Issues with Primary Keys in Partitioned Tables

translator_bot · June 21, 2024, 8:49am

Note:
This topic has been translated from a Chinese forum by GPT and might contain errors.

Original topic: 关于分区表的主键问题

| username: zhanggame1

[TiDB Usage Environment] Production Environment / Testing / Poc
[TiDB Version]
[Reproduction Path] What operations were performed to encounter the issue
[Encountered Issue: Issue Phenomenon and Impact]
Test Case: There are two partitioned tables, both using list partitioning with the partition key draw_id. The difference is in the primary key. The primary key for ticket2 is (draw_id, ticket_no), while for ticket1 it is (ticket_no, draw_id). The data volume is 27 million, and the data is exactly the same. The table creation statements are as follows:

The execution plans for the same SQL are different

The issue is:
Partitioned tables require the partition key to be part of the primary key, making the primary key a composite key.
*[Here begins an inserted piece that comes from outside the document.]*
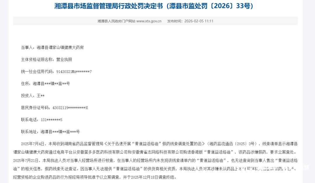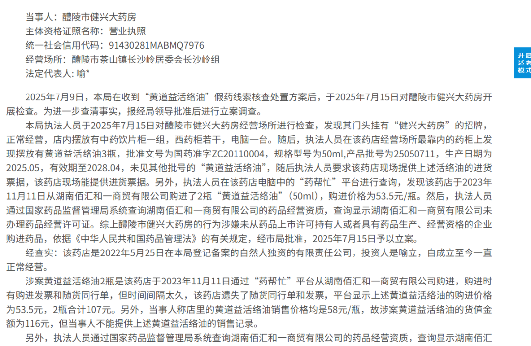 2026年1月,湖南醴陵市健兴大药房因从无《药品经营许可证》的公司购进“黄道益活络油”,被没收违法所得并罚款共计5116元。

Does the partition key have to be the first column in the primary key index? In my test, if the partition key is the second column, the SQL performs a full table scan.

translator_bot · June 21, 2024, 8:49am

| username: zhanggame1 | Original post link

From the test, when partitioning by draw_id, as long as draw_id is not in the first position of the primary key, the execution plan will perform a full table scan.
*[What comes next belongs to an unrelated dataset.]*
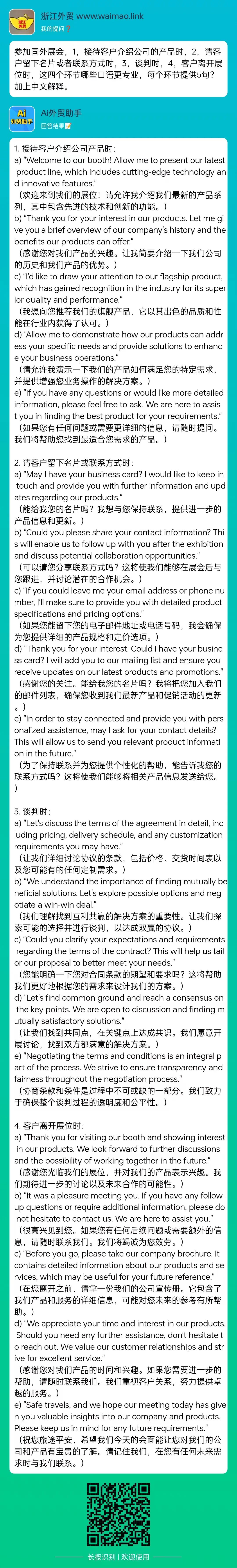参加国外展会,1,接待客户介绍公司的产品时,2,请客户留下名片或者联系方式时,3,谈判时,4,客户离开展位时,这四个环节哪些口语更专业,每个环节提供5句?加上中文解释。

translator_bot · June 21, 2024, 8:49am

| username: 小龙虾爱大龙虾 | Original post link

It’s the leftmost prefix principle of the index (Huh? What? You said the join key draw_id is the partition key of the list partition table, so it can’t use NL_JOIN and then partition pruning to do a full partition scan? Maybe it just hasn’t been implemented yet )

translator_bot · June 21, 2024, 8:49am

| username: zhanggame1 | Original post link

Theoretically, having the partition key in the where condition should directly query these partitions instead of performing a full table scan, so this is quite puzzling.
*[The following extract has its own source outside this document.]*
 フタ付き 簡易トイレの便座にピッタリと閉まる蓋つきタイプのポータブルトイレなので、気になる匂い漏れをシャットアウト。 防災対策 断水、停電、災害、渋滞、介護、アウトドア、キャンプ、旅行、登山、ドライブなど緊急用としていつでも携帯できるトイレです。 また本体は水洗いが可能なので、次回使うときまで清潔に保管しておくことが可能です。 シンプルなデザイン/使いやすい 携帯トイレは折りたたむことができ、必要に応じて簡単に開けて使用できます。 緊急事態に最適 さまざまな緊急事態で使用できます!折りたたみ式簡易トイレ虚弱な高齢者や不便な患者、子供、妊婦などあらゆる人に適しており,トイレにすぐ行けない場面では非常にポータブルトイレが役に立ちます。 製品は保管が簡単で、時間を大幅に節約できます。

translator_bot · June 21, 2024, 8:49am

| username: 小龙虾爱大龙虾 | Original post link

You’re talking about the simple query on the second floor, right? Both of them went through partition pruning. You can see the partition keyword in the access object. Actually, TiDB doesn’t have an operator for full partition scan; a full partition scan is displayed as a full table scan.

translator_bot · June 21, 2024, 8:49am

| username: tidb菜鸟一只 | Original post link

Is there a difference in execution time between the two SQL queries?

translator_bot · June 21, 2024, 8:49am

| username: dba远航 | Original post link

Whether the primary key index should be the first or second depends on the filtering conditions used.

translator_bot · June 21, 2024, 8:49am

| username: forever | Original post link

The actrows of the two SQLs are the same. The upper SQL follows the leftmost index principle and uses index join, while the lower SQL does not have a suitable index and uses hash join. If you create an index for the table in the lower SQL, both will be the same.

translator_bot · June 21, 2024, 8:49am

| username: wangccsy | Original post link

The training video for TiDB explains the basics well. Not bad. I don’t use partitioned tables much either. But it’s covered in the video, though the video can’t consider all scenarios.

translator_bot · June 21, 2024, 8:49am

| username: zhanggame1 | Original post link

The query result speed of the second floor’s SQL query is the same. I think the estimated number of rows in the execution plan is incorrect.

translator_bot · June 21, 2024, 8:49am

| username: tidb菜鸟一只 | Original post link

It seems that there is an issue with the execution plan display, but the actual execution is fine.